» **Input data**:
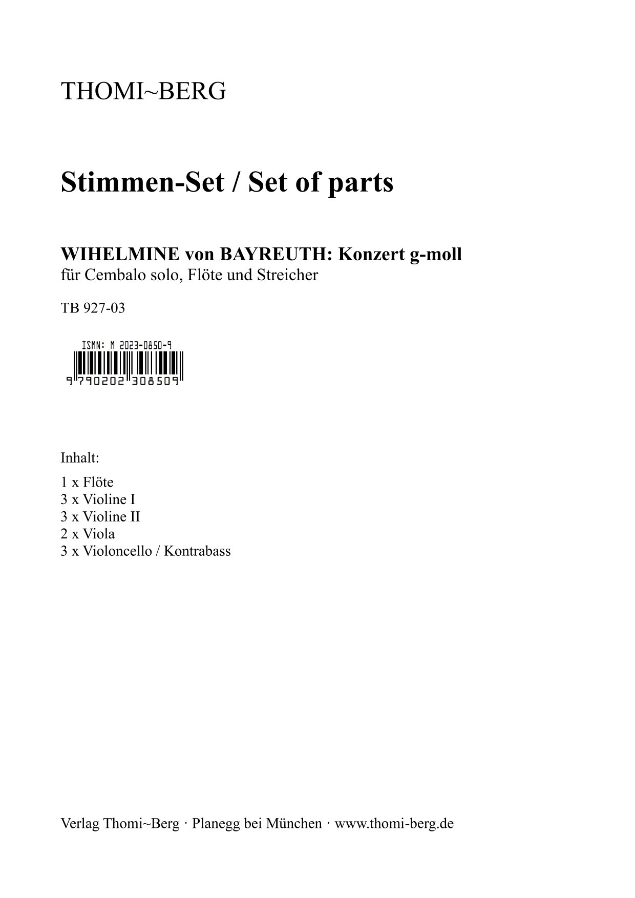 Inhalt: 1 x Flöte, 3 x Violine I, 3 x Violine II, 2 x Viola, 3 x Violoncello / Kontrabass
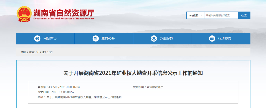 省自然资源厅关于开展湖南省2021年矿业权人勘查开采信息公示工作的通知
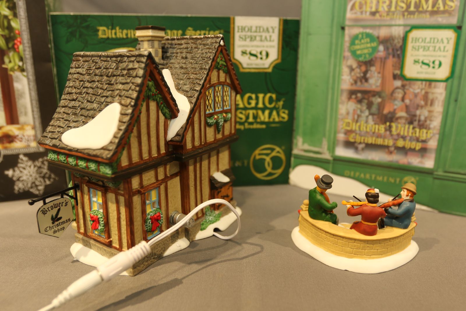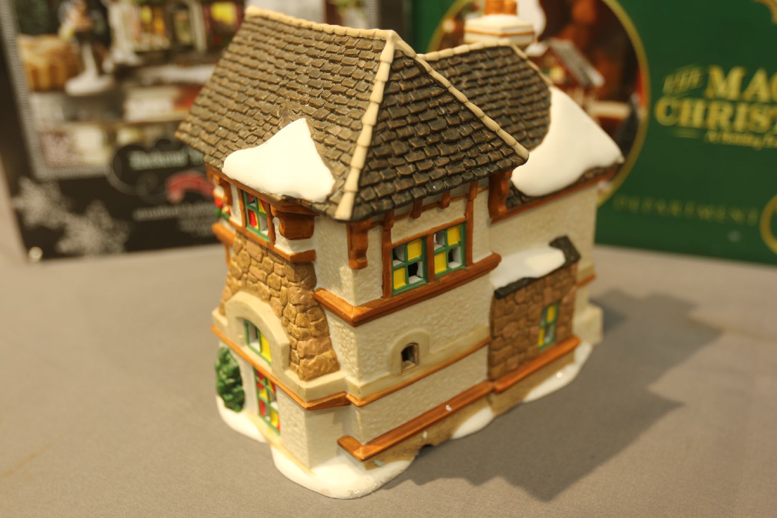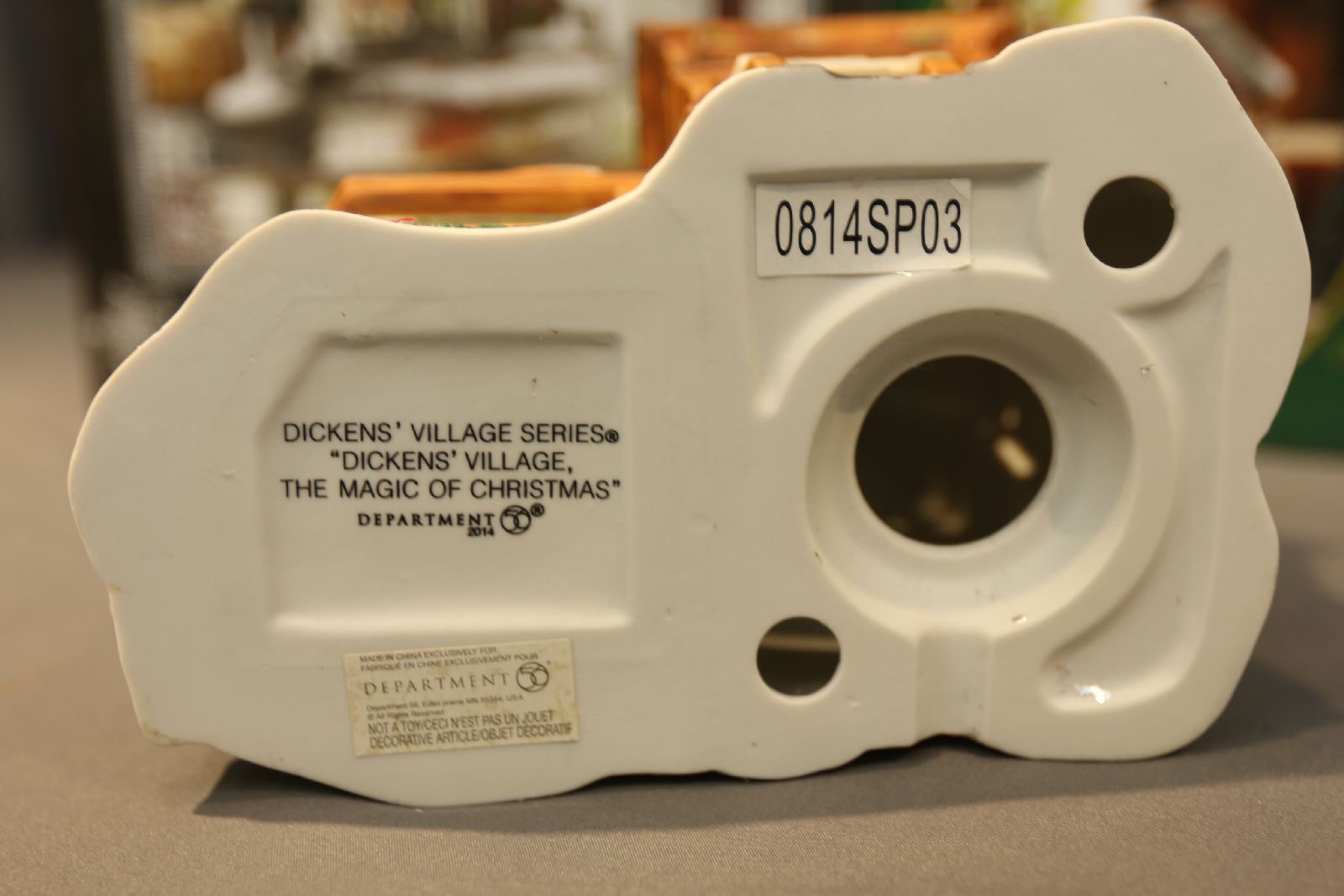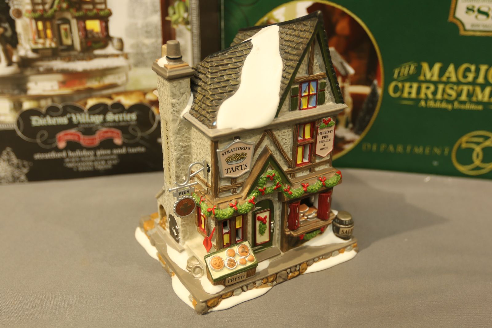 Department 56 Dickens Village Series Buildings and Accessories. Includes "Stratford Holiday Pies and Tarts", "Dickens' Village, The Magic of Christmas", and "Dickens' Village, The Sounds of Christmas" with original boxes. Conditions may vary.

» **Task description**: Your output must reproduce the material above in full, with no pictures.

» **Result**:
 Inhalt: 1 x Flöte, 3 x Violine I, 3 x Violine II, 2 x Viola, 3 x Violoncello / Kontrabass
 省自然资源厅关于开展湖南省2021年矿业权人勘查开采信息公示工作的通知
 Department 56 Dickens Village Series Buildings and Accessories. Includes "Stratford Holiday Pies and Tarts", "Dickens' Village, The Magic of Christmas", and "Dickens' Village, The Sounds of Christmas" with original boxes. Conditions may vary.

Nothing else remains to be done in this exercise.